A Murphy Oil employee signed an agreement with her employer to "resolve any and all disputes or claims... which relate... to individual’s employment... by binding arbitration.”

She also waived the right to pursue class or collective action claims in arbitration or court. Nevertheless, she and three other employees filed a collective action in U.S. District Court for the Northern District Court of Alabama.

When the employer cited the waiver, the plaintiff filed an unfair labor charge with the NLRB. The agency sided with her in March, stating that the arbitration waiver violates Section 8(a)(1) of the National Labor Relations Act, which states that an employer commits an unfair labor practice by “interfer[ing] with, restrain[ing], or coerc[ing] employees in the exercise” of their rights to engage in protected concerted activity.

Both the NLRB and the Fifth Circuit are firmly dug into their positions, sending mixed signals to employees inside and outside the court's jurisdiction.

"It's hard to say when or how employers will receive guidance," Bernier said.

"Unequivocal guidance will come only if the U.S. Supreme Court decides the issue. But the Supreme Court takes only a small number of cases each year, so we can't count on it deciding the issue.

"There also is the prospect of the NLRB reversing its position, but that too appears unlikely.

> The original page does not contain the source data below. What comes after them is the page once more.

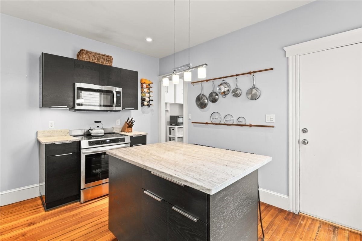 - Countertops - Stone/Granite/Solid, Exterior Access, Flooring - Hardwood, Kitchen Island, Lighting - Pendant, Recessed Lighting, Remodeled, Stainless Steel Appliances
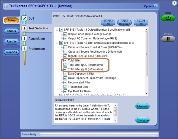 J2 and J9 (under QSFP+ dropdown menu) measurements have been added as informative measurements to SFP-TX, these measurements are part of other 10G standards like 40GBASE-CR4 and XLPPI.
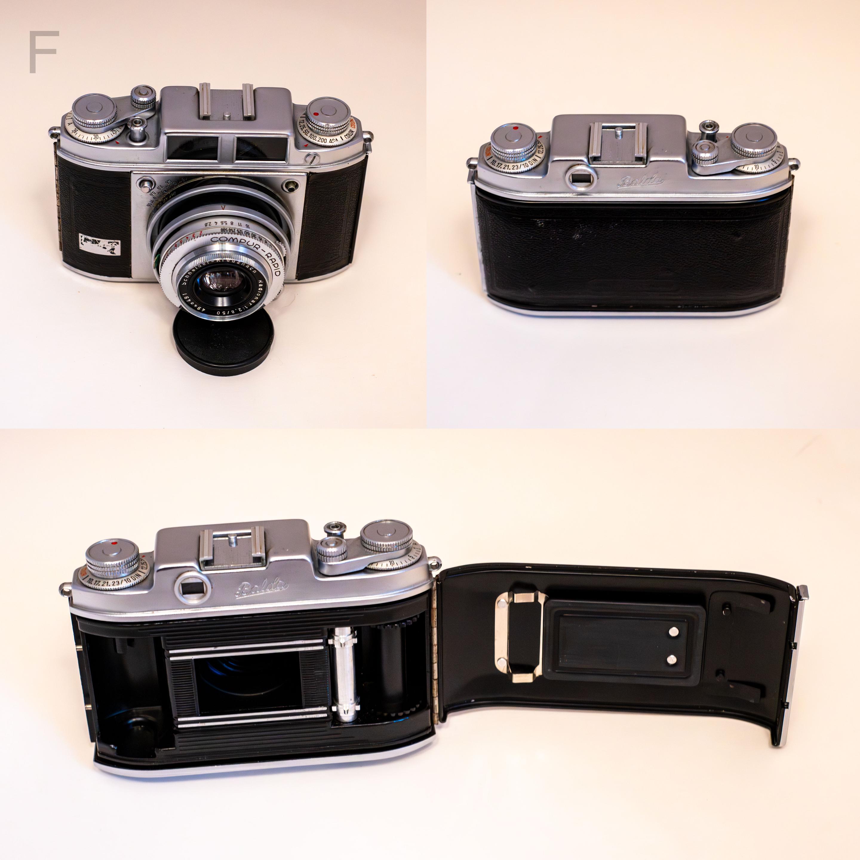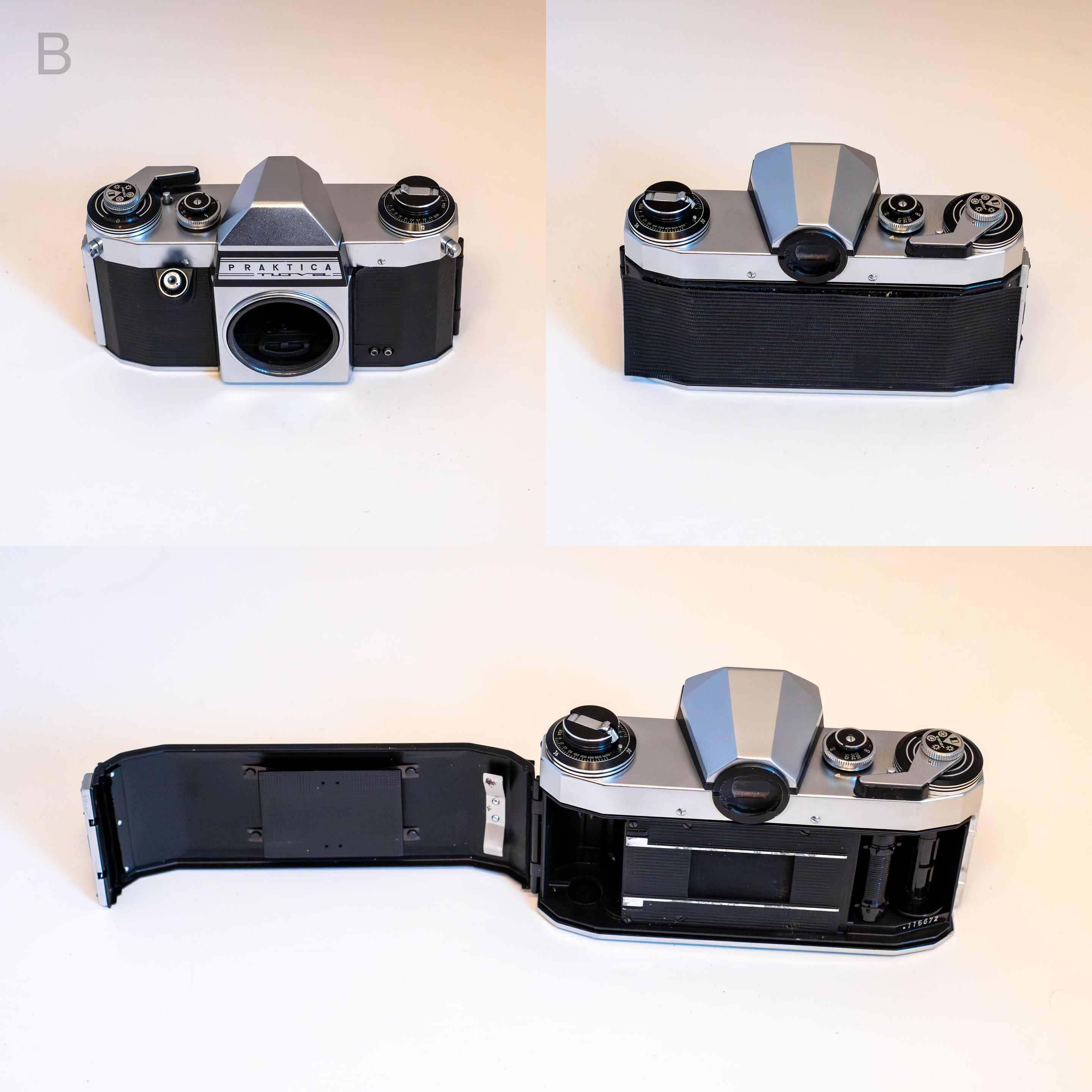 One is a Praktica Nova with peeling leatherette and no lens, but seems to be in working order. The other is a Balda Superbaldina, again, seems to be in working order.

Bernier added that employers could receive guidance from other federal appeals courts soon, specifically the Eight and Ninth circuits.

He encouraged businesses to keep an eye on court decisions in their jurisdiction.

"The safest approach for employers going forward would be to determine how federal courts in your jurisdiction view class and collection action waivers and proceed accordingly," Bernier said.

"For employers operating within a single state or within a particular federal circuit, this may be feasible. But for nationwide employers, this creates a dilemma.

"The legality of class and collective action waivers may vary from jurisdiction to jurisdiction. To account for that, employers should consider adjusting their use of such waivers to correlate with the law of each jurisdiction."